Um tanque de aço com teto flutuante externo tem três adversários crônicos, e os três estão embutidos no projeto.

A atmosfera. Neve, chuva e radiação ultravioleta agem diretamente sobre o teto flutuante. O teto precisa se mover, e sobre ele ficam água e gelo. Os selos e as capas dos postes-guia degradam-se ao sol em poucas temporadas.

A corrosão interna e as perdas. Sobre o produto há sempre uma mistura vapor-ar. Ela escapa para a atmosfera durante as «grandes e pequenas respirações», condensa umidade no metal, cria uma atmosfera explosiva e alimenta os depósitos pirofóricos.

A eletricidade estática e o raio. Durante o carregamento o produto acumula carga. Um parque a céu aberto é um alvo natural para descargas atmosféricas. Nenhum dos dois fatores é visível a olho nu e ambos só se manifestam quando já é tarde.

Contra cada um deles temos uma resposta operacional: pintura, limpeza, reparo dos selos, medições de resistência, inspeções regulamentares. Tudo isso é OPEX que nunca acaba, porque a causa permanece no lugar.

Anatomia das falhas do teto flutuante

Quando analisamos as listas de defeitos de vários tanques com teto flutuante externo, quatro pontos se repetiam vez após vez.

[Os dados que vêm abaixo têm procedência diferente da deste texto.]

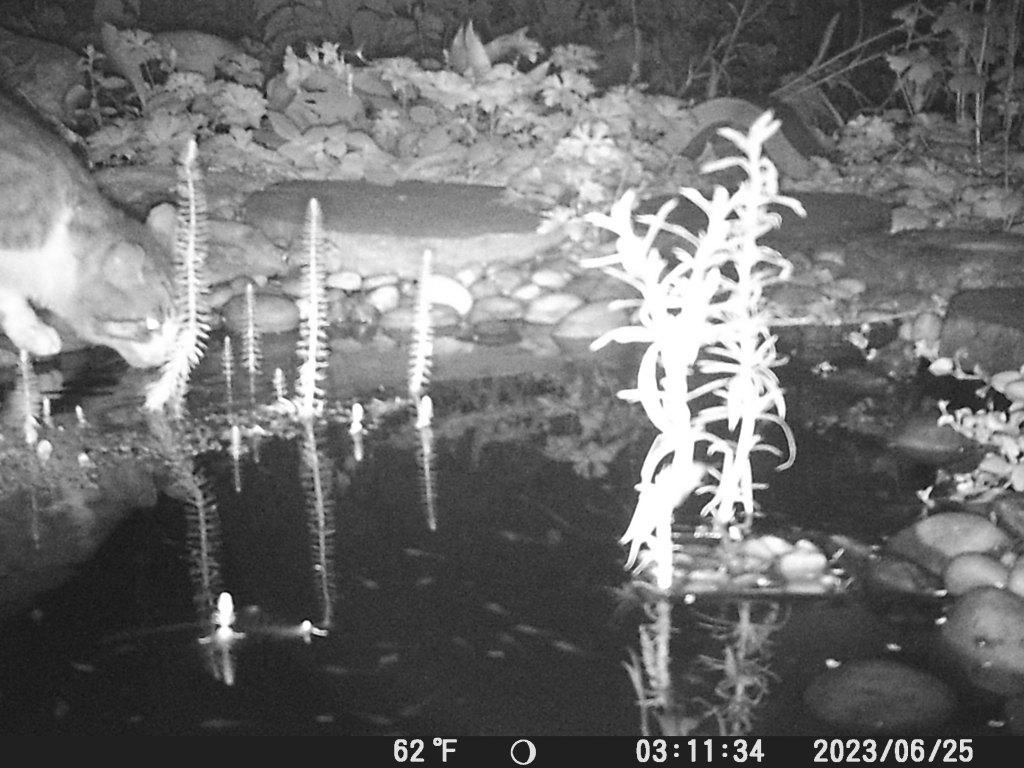 Victure HC300 Trail Camera: I set it up for the first time last night at dusk, mounted on a device John made to keep it steady, pointing slightly downwards towards one end of the pond. The camera takes pictures and video clips in colour until the light level is too low, then it records black and white footage and stills, using infrared. It’s battery-powered, so I set it to record for just 20 seconds each time it was activated.
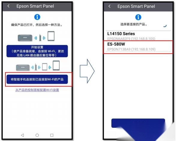 Step2:将手机连接至跟扫描仪同一个 Wi-Fi(无线局域网)后,打开 Epson Smart Panel。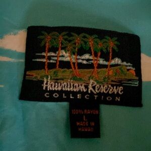Hawaiian Reserve Collection Aloha Shirt Mens L woody cars surfboards Palms Beach

Fig. 1. Quatro pontos típicos de falha do teto flutuante externo: a escada rolante, os selos periféricos, os tubos flexíveis de drenagem e as capas dos postes-guia

Fig. 1. Quatro pontos típicos de falha do teto flutuante externo: a escada rolante, os selos periféricos, os tubos flexíveis de drenagem e as capas dos postes-guia

O travamento da escada rolante bloqueia o movimento do teto. Em seguida vem um transbordamento ou um pontão desalinhado. A deformação dos selos periféricos é a principal zona de saída de vapores e, portanto, a principal zona de ignição em caso de descarga atmosférica. O entupimento dos tubos flexíveis de drenagem em chuvas prolongadas significa teto alagado. A destruição das capas dos postes-guia pela radiação ultravioleta é um detalhe que abre caminho para a água e para os vapores.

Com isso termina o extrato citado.